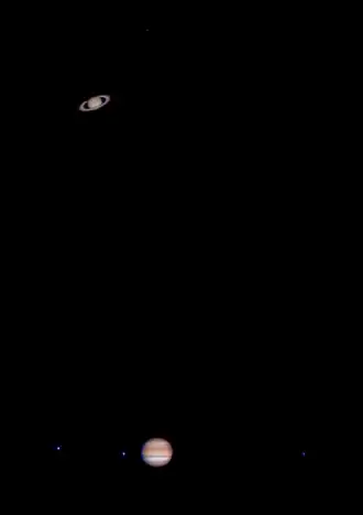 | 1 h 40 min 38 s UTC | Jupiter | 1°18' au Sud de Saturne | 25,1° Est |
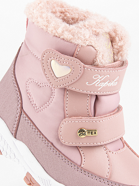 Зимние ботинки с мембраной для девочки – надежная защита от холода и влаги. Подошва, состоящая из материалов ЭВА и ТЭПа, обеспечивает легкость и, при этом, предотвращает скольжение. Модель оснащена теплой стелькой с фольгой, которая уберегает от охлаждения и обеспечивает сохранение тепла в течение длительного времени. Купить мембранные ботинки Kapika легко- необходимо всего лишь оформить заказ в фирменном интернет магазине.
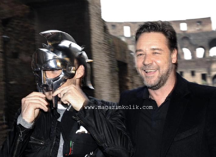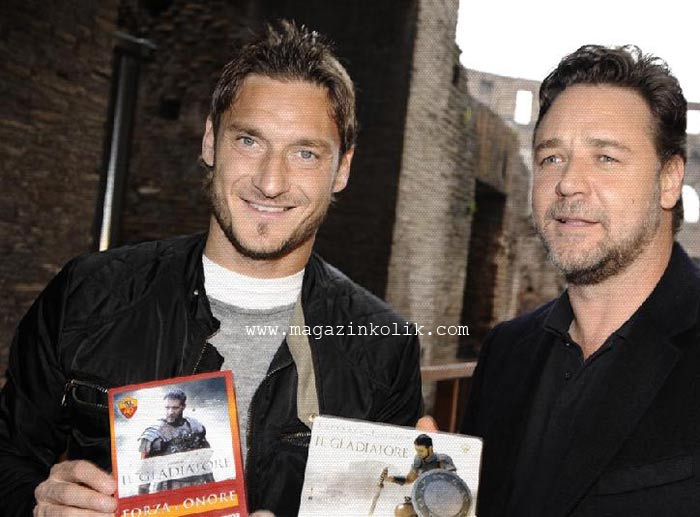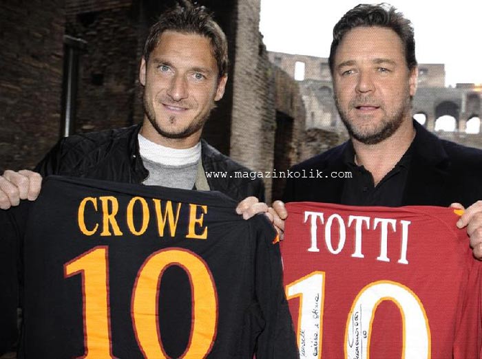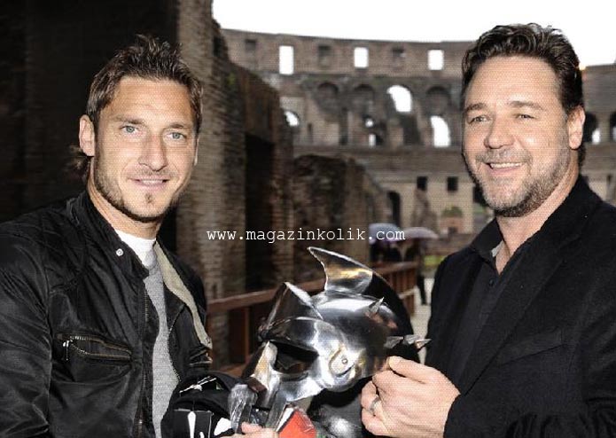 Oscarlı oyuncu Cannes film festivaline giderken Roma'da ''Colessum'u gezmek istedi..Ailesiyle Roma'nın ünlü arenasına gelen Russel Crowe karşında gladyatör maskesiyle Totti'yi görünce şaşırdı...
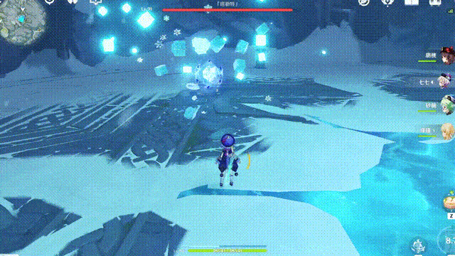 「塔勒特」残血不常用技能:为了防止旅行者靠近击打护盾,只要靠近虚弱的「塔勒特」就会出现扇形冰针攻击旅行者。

▬▬▬▬▬▬▬▬▬▬

Print the data word for word and omit the pictures.

• Your solution:
 | 1 h 40 min 38 s UTC | Jupiter | 1°18' au Sud de Saturne | 25,1° Est |
 Зимние ботинки с мембраной для девочки – надежная защита от холода и влаги. Подошва, состоящая из материалов ЭВА и ТЭПа, обеспечивает легкость и, при этом, предотвращает скольжение. Модель оснащена теплой стелькой с фольгой, которая уберегает от охлаждения и обеспечивает сохранение тепла в течение длительного времени. Купить мембранные ботинки Kapika легко- необходимо всего лишь оформить заказ в фирменном интернет магазине.
 Oscarlı oyuncu Cannes film festivaline giderken Roma'da ''Colessum'u gezmek istedi..Ailesiyle Roma'nın ünlü arenasına gelen Russel Crowe karşında gladyatör maskesiyle Totti'yi görünce şaşırdı...
 「塔勒特」残血不常用技能:为了防止旅行者靠近击打护盾,只要靠近虚弱的「塔勒特」就会出现扇形冰针攻击旅行者。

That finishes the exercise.